◆ **Exercise aim**
Output exactly the lines from the one containing "단독으로도 너무 우아하고" through the final line of the entries below, both included, and skip the pictures.

◆ **Extracted entries**
◆ ◆ ◆ ◆ ◆

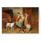 In de kunstwerken van Adolf Eberle staat een landelijke scène in een schuur waar een moeder op haar schoot een stoel zit met haar baby en de baby op een littertje puppies brengt. Een puppy zit op de schoot van de moeder samen met de baby. Twee oudere kinderen zijn in de buurt, en de moederhond staat rustig en geduldig in de gaten terwijl haar puppies met hun menselijke familie communiceren. Twee paarden in de schuur kijken ook. De Duitse kunstenaar Adolf Eberle (1843-1914) is geboren in München. Zijn vader, Robert Eberle, was ook schilder. De meest voorkomende en favoriete onderwerpen van Adolf waren familieleefscènes, waaronder jagers en boeren, uit het Beierse en Tiroolse boerenleven. Veel van deze scènes omvatten ook gezelschapsdieren. Deze kaart is leeg binnenin voor je eigen bericht.
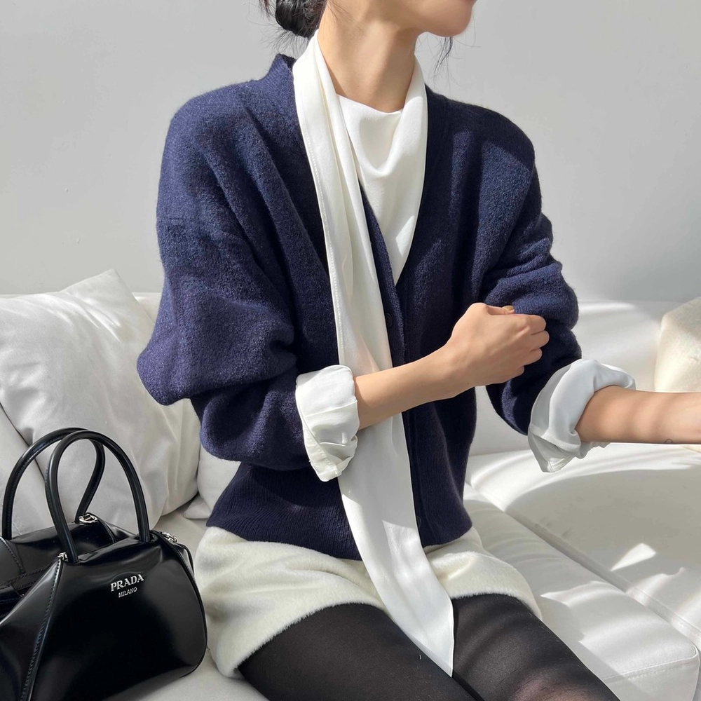 단독으로도 너무 우아하고 세련된 느낌이지만, 레이어드용으로도 다양하게 활용할 수 있어 더욱 좋았어요. 코트나 자켓뿐 아니라 가디건이나 브이넥 니트 등 다양하게 활용하기 좋습니다.
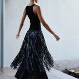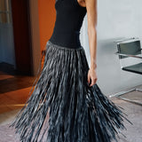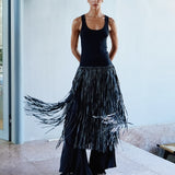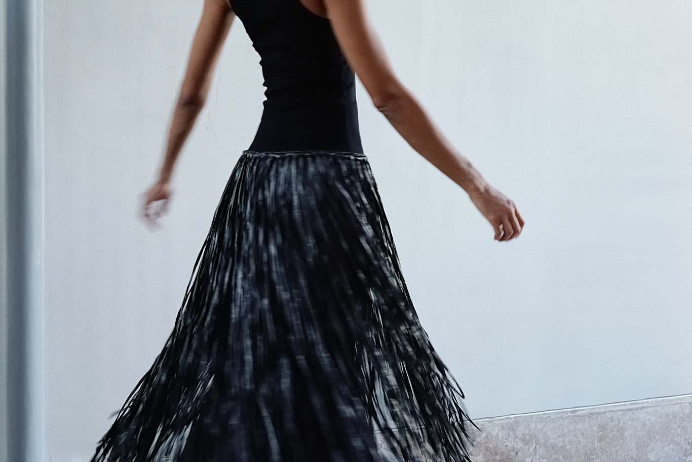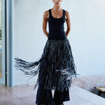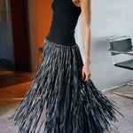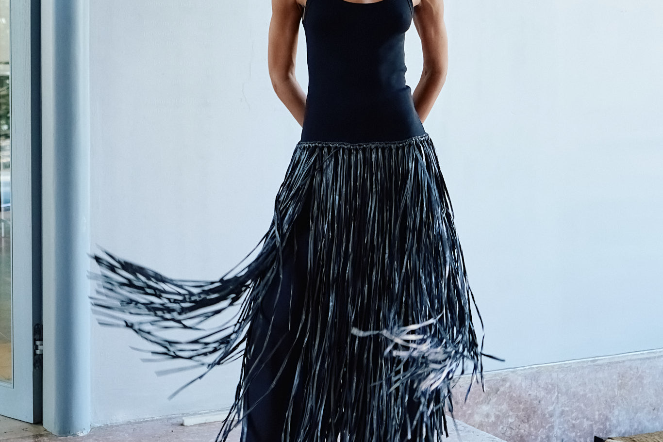 A versatile tank top with a twist. It is adorned with knee-length handcrafted raffia fringes that move with you as you go.
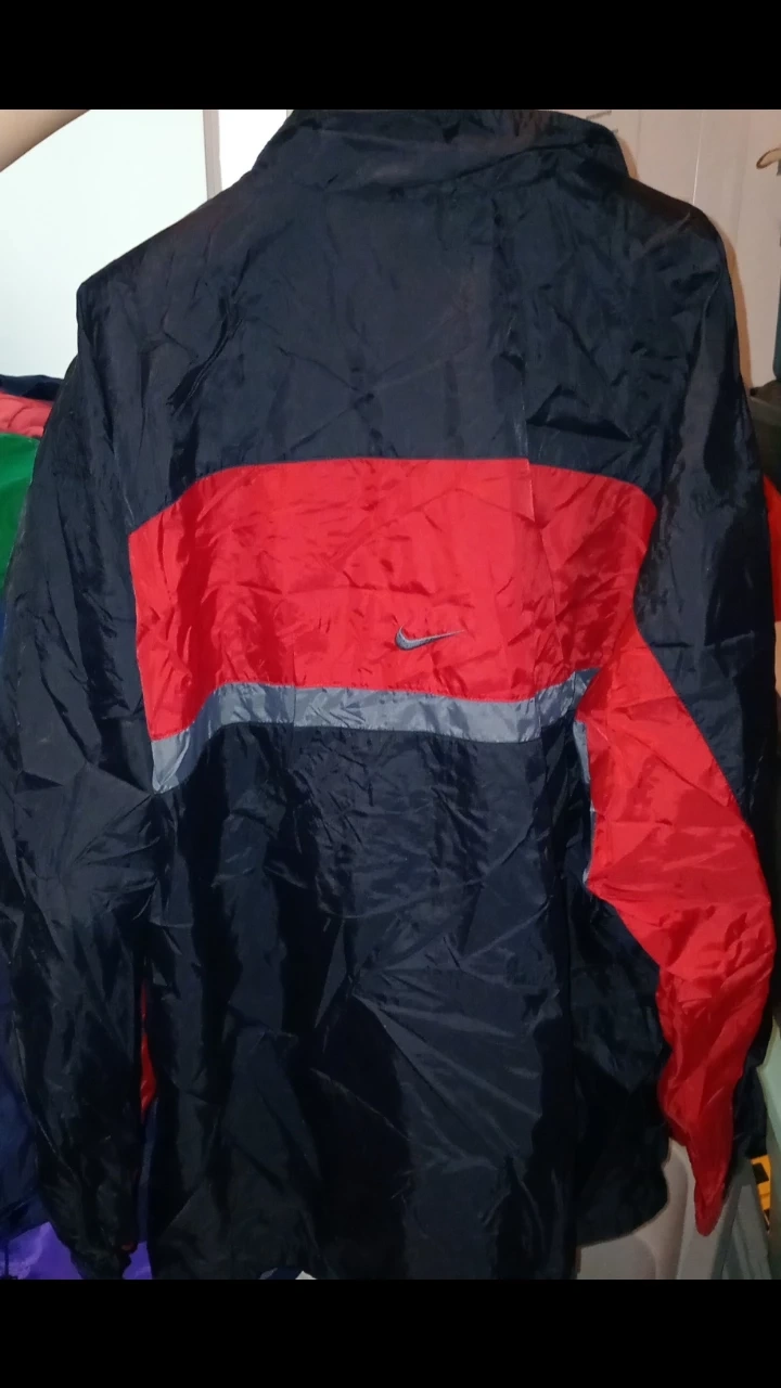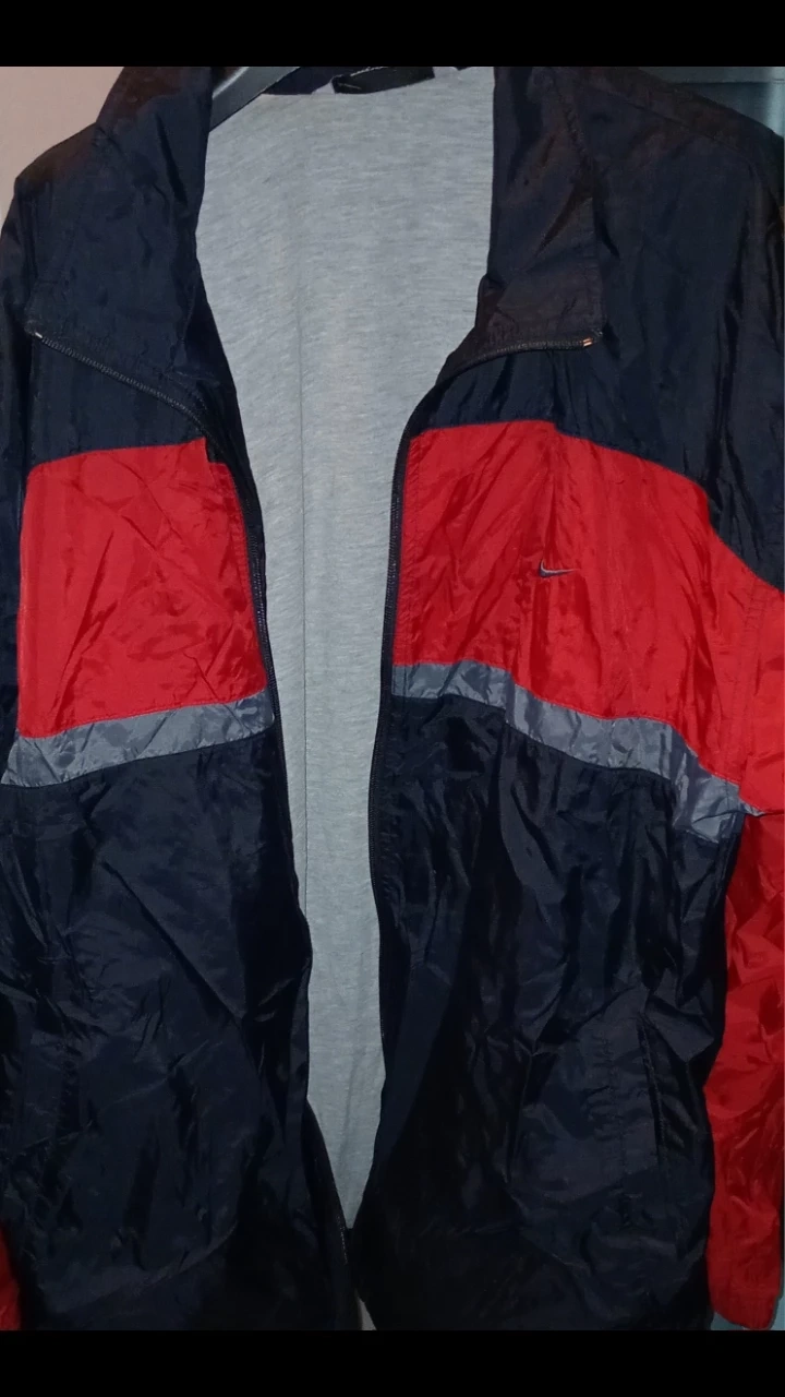 Classic Nike windbreaker in navy blue, red, and grey. Lightweight nylon shell. Full zip front with pockets. Good for outdoor activities!
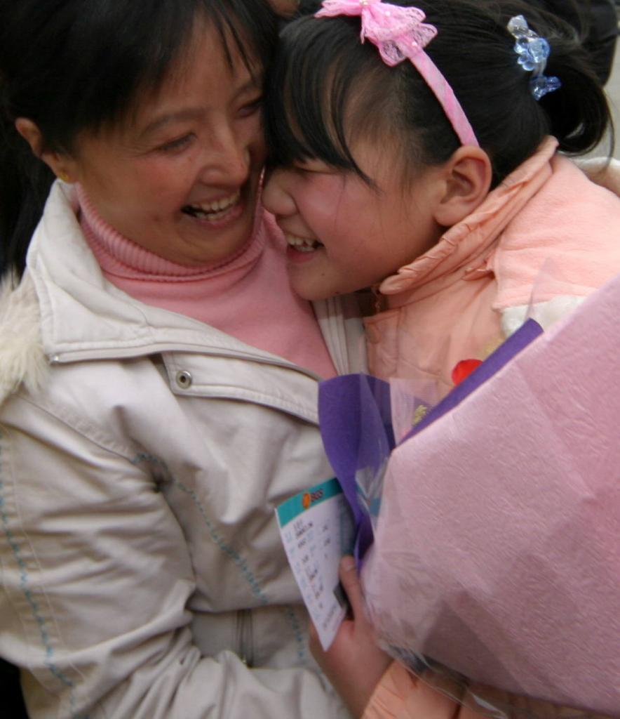 2008年1月24日,一对重庆籍母女在泉州晋江机场见面后相拥在一起。18名重庆籍在福建泉州务工人员的家属乘飞机抵达泉州与亲人团聚,在“第二故乡”欢度春节。新华社发

◆ ◆ ◆ ◆ ◆

◆ **Exercise output**
 단독으로도 너무 우아하고 세련된 느낌이지만, 레이어드용으로도 다양하게 활용할 수 있어 더욱 좋았어요. 코트나 자켓뿐 아니라 가디건이나 브이넥 니트 등 다양하게 활용하기 좋습니다.
 A versatile tank top with a twist. It is adorned with knee-length handcrafted raffia fringes that move with you as you go.
 Classic Nike windbreaker in navy blue, red, and grey. Lightweight nylon shell. Full zip front with pockets. Good for outdoor activities!
 2008年1月24日,一对重庆籍母女在泉州晋江机场见面后相拥在一起。18名重庆籍在福建泉州务工人员的家属乘飞机抵达泉州与亲人团聚,在“第二故乡”欢度春节。新华社发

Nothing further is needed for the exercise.